目前已开发出许多控制误发现率的多重检验程序，用于识别一些在两个不同组别之间显示出显著统计学差异的情况（如基因）。然而，在一些实际数据集中遇到的一个常见问题是存在高度尖峰的空分布。在这种情况下，由于 "虚假阳性 "的存在，现有的方法很难控制 I 类错误，但这一问题在以往的文献中还没有得到解决。我们的团队最近在分析 SET4 基因缺失数据时遇到了这个问题，并建议使用比例混合正态分布来模拟空分布。然而，由于对尖峰的强烈假设，这种方法的使用受到了限制。在本文中，我们提出了一种新的多重检验程序，它可应用于任何类型的尖峰数据，包括无尖峰或有一个或两个尖峰的情况。我们的方法包括截断 0 附近的中心统计量（这是空尖峰的主要贡献），以及可能被其他分布污染的两个尾部。我们将这种方法称为 "双重截断法"。应用双重截断法后，我们使用双重截断最大似然估计法估计空密度。我们利用模拟数据用数字证明了我们提出的方法能有效地将误发现率控制在理想水平。此外，我们还将我们的方法应用于两个真实数据集，即 SET 蛋白质数据和牡丹数据。

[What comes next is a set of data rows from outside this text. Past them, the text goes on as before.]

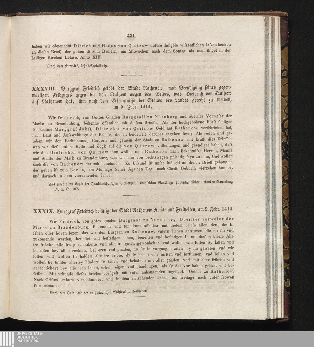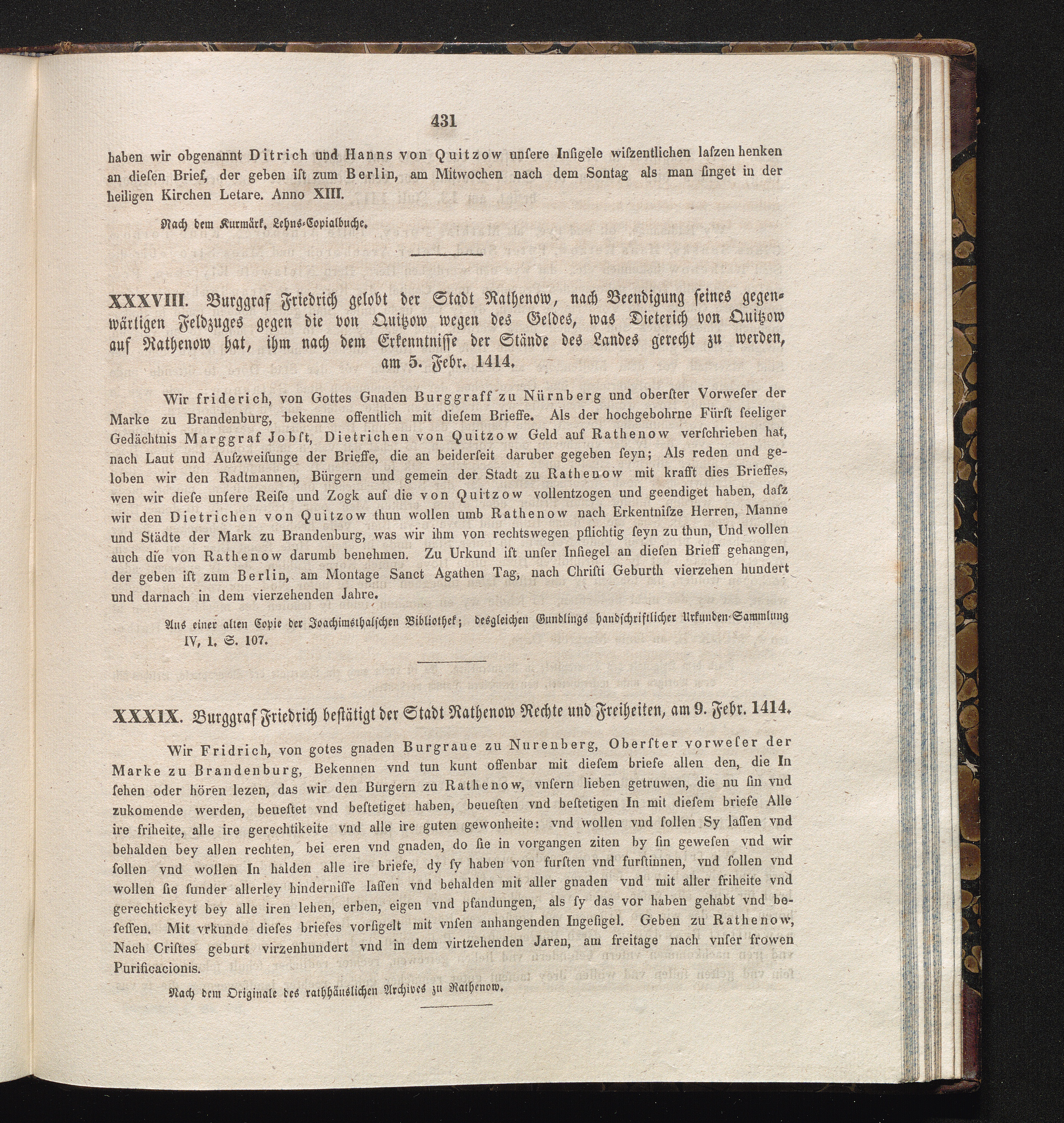XXXIX. Burggraf Friedrich bestätigt der Stadt Rathenow Rechte und Freiheiten, am[...]
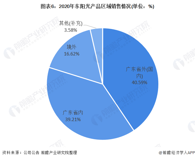 从销售区域来看,2020年东阳光以国内市场为主,其中来自广东省内的营业收入占比为39.21%,来自广东省外的境内收入为40.59%。境外收入占比为16.62%。
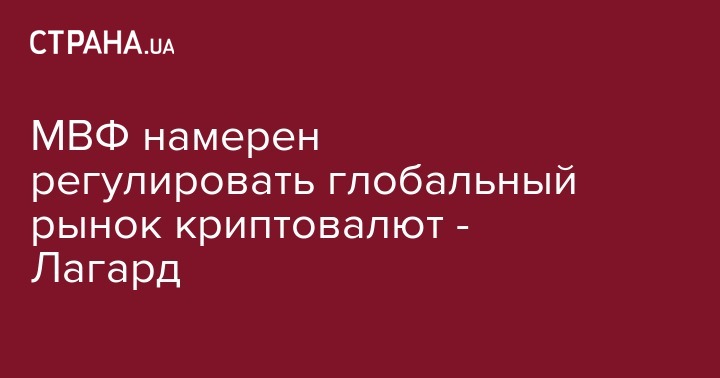 "Ни одна из стран не сможет справиться с этой угрозой в одиночку. МВФ имеет уникальную позицию, являясь форумом для нахождения ответов на вопросы о рынке криптовалют", - отметила его глава.

本文章由计算机程序翻译，如有差异，请以英文原文为准。

求助全文

约1分钟内获得全文去求助

来源期刊

Computational Statistics 数学-统计学与概率论

CiteScore

2.90

自引率

0.00%

发文量

122

审稿时长

>12 weeks

期刊介绍： Computational Statistics (CompStat) is an international journal which promotes the publication of applications and methodological research in the field of Computational Statistics. The focus of papers in CompStat is on the contribution to and influence of computing on statistics and vice versa. The journal provides a forum for computer scientists, mathematicians, and statisticians in a variety of fields of statistics such as biometrics, econometrics, data analysis, graphics, simulation, algorithms, knowledge based systems, and Bayesian computing. CompStat publishes hardware, software plus package reports.